America has a history problem, especially when dealing with African Americans and slavery. It starts with the myth of Africa being filled with primitive tribes. African slaves came from farming villages, that had their own societies. They were used to farm work. Captured, chained, put on crowded slave ships, they made the voyage across the Atlantic. They were put on auction blocks and sold to their future masters. Separated from their culture, language, support system, and everyone they knew and loved, they were marched to forced labor and torture camps we have euphemistically called “plantations.” There, they were forced to work for the profit of their masters.
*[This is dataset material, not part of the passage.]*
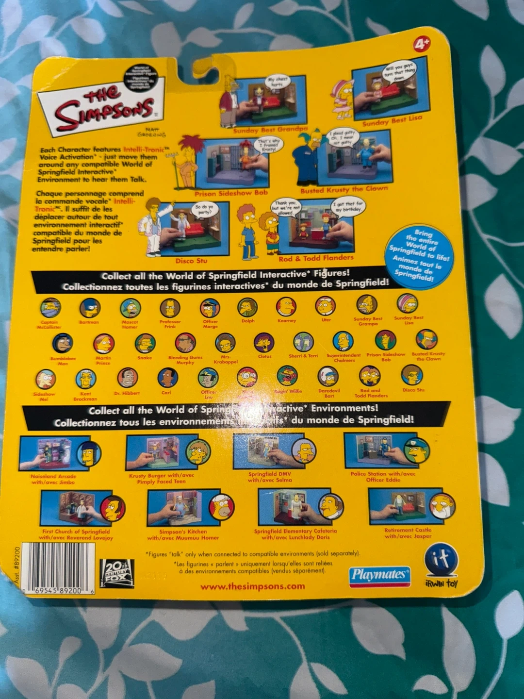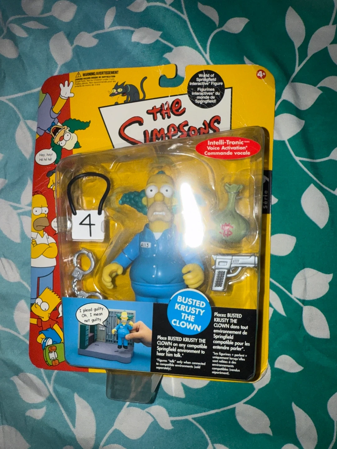 Selling a The Simpsons Busted Krusty the Clown interactive figure. It's part of the World of Springfield collection. The figure is still in its original packaging. It features Intelli-Tronic voice activation and is compatible with any World of Springfield environment. A great collectible for any Simpsons fan!

They were ruled by shackles, whipping, rape, and lynching, while their white owners lived high class “cultured” lives. The money they made from producing cotton and sugar fueled the industrialization of the Northern states.

 

European immigrants had genealogical backgrounds and Old-World ties. They were able to interact with others of their ethnic groups. Around Marathon City, where I grew up, there were German, Polish, and Irish Catholic Churches. German Lutherans had their churches. My mother’s parents immigrated to the U.S. from Norway as teenagers. My wife and I eventually joined a former Norwegian Lutheran Church in Wausau. African slaves did not have the support of their ethnic groups and religion. They had been torn away from their identities and mixed together with people from different areas of Africa. Families were routinely split apart and sold to labor camps throughout the South. Most feared were the deadly sugar labor camps in Mississippi and Louisiana. Not only were the cultural identities of the African slaves disintegrated, but their families were split up and sold for profit.

 

After emancipation was declared during the Civil War it appeared as if Africans would find a role as citizens in the U.S. Reconstruction, however, under President Lincoln’s successor, Andrew Johnson, allowed Southern whites to romanticize their “Lost Cause” of racial superiority. They enacted Jim Crow legislation, which allowed the re-enslavement of the former slaves by political and economic laws that legislated a severe segregated and unequal, society. With the Civil Rights legislation of the 1960s promising a reinvigorated emancipation of the African Americans in U.S. society, the backlash of the the “Lost Cause” white supremacists has intensified. Our treatment of our African American population still has a long way to go to achieve equal opportunities in the U.S. economy, politics, and social acceptance.

 

White Christian nationalists are propagandizing to fear the “other” in our society. People I ask way overestimate the percentage of African-Americans in the U.S. population. According to a Gallop poll 56% of Americans think the African-Americans represent 30% or more of the population, rather than the actual 13.6%. White supremacists find it politically advantageous to push exaggerated numbers. The African-American percentage of the U.S. population is rather stable. People who identified as white alone in 2020 comprised 61.6%, but if added to those who identified ed as white in combination with another race group, their percentage was 71% of the total population. The largest increase in U.S. percentage were those who claimed mixed race moving from 2.9% of the population to 10.2%. Any analysis of these census figures belies the fear propaganda of minorities taking over and being vindictive toward whites in our society.

 

We can take pride in that our society has been moving in the direction of a diverse society that treats its citizens on the content of character and ability rather than a superficial glance at the color of their skin.